Covid-19 vaccine maker AstraZeneca (AZN) reported a 10% increase in core revenue and saw profit more than double as new treatments powered performance last year. The pharma giant also updated on developments of its Covid-19 vaccine after recent criticisms.

AstraZeneca’s Covid-19 vaccine first came under pressure after the German authorities recommended that it should be limited to people under 65 year of age. South African authorities then halted its own roll-out after raising concerns over its effectiveness.

AstraZeneca admitted that the vaccine had limited effectiveness against the new South African strain, but that it remains affective against the Kent strain. Despite these setbacks the vaccine remains one of the most important vaccines in the fight against the pandemic.

SURGING PROFITS

Revenue at constant currencies hit $26.61 billion in the year to 31 December 2020, with pre-tax profit jumping from $1.55 billion to $3.92 billion thanks to new oncology and biopharmaceuticals medicines. Earnings 18% higher at $4.02 per share, meeting analysts’ expectations and sending the stock 1.8% higher to £73.75.

The contribution from new medicines jumped to from 43% to 52% of total product sales on the back of 33% growth, to $13.95 billion. This was largely driven by sales into emerging markets, which grew 59% in constant currencies.

The cancer franchise, which represents 43% of sales, was the main contributor to growth rising 24% in constant currencies to $11.45 billion. Respiratory and immunology sales were stable at $5.37 billion reflecting the impact of Covid-19 in China.

The key drugs in the cancer division all performed strongly with lung cancer drug Tagrisso sales up 36%, Lynparza (multiple cancers) up 49% and Imfinzi (lung cancer) up 39%.

MARGINS, CASH AND GUIDANCE

The reported operating margin increased by eight percentage points to 19% and the core profit margin was 1% higher at 28% reflecting an underlying improvement in business performance and declines in working capital.

Net operating cash flow surged 61% to $4.8 billion while EBITDA (earnings before interest, taxes, depreciation, and amortisation) grew 27% to $8.3 billion.
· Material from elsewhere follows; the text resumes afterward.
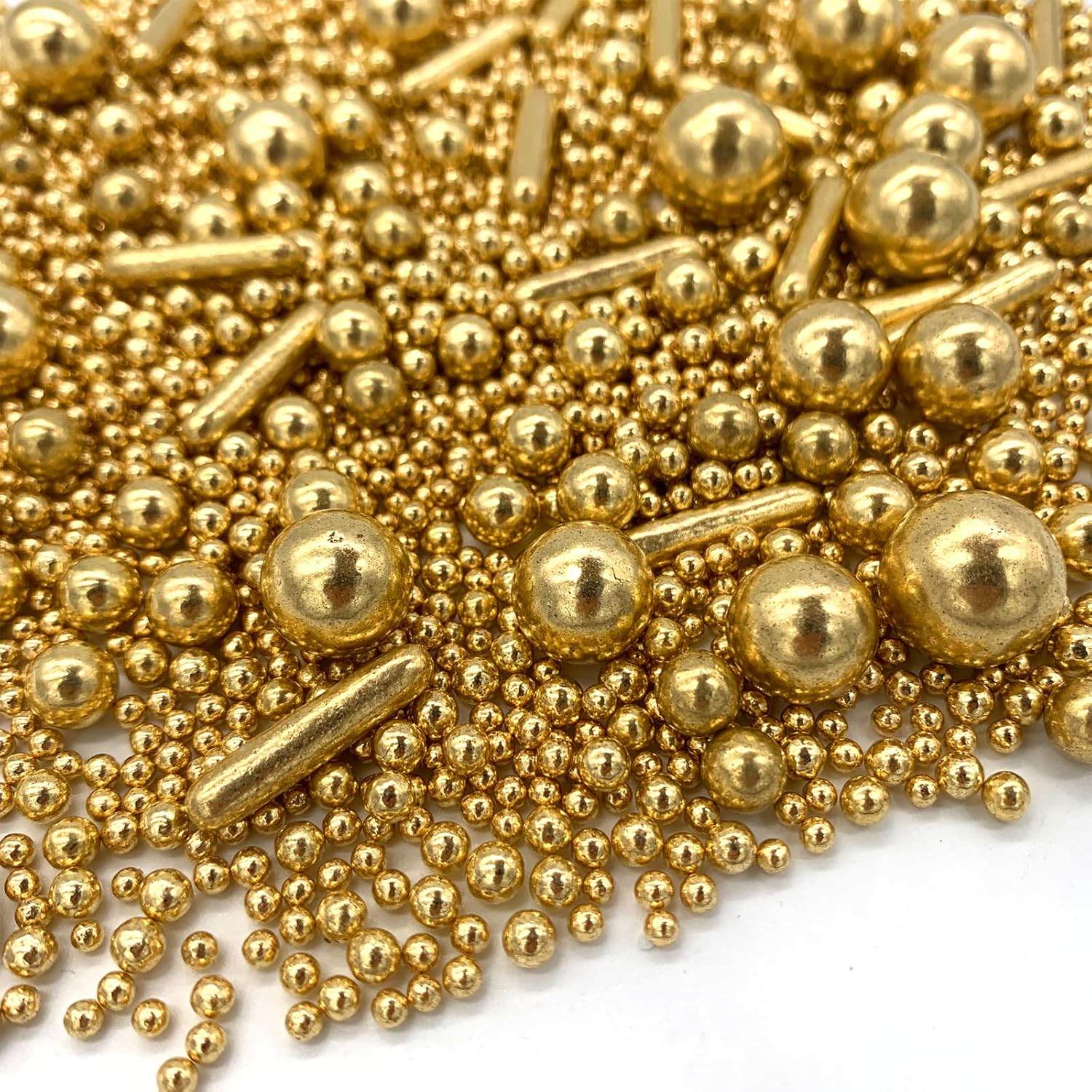 Sprinkles Gold Pearl Sugar Candy Mix Size, Nut Free, Baking Cake Decorations Cupcake Toppers Cookie Decorating Ice Cream Celebrations Shaker Jar Wedding Shower Party (120g/4.2oz)

The company finished the period with net debt of $12.1 billion, up $206 million.

AstraZeneca guided for total revenue increases in low-teen percentages with faster growth in core earnings per share (EPS) to $4.75 to $5. This excludes the Covid-19 vaccine, which the company will report separately from next quarter.

Currently analysts have penciled in 15% growth in 2021 revenues to $30.63 billion and core EPS of $5.1 according to data provided by Refinitv.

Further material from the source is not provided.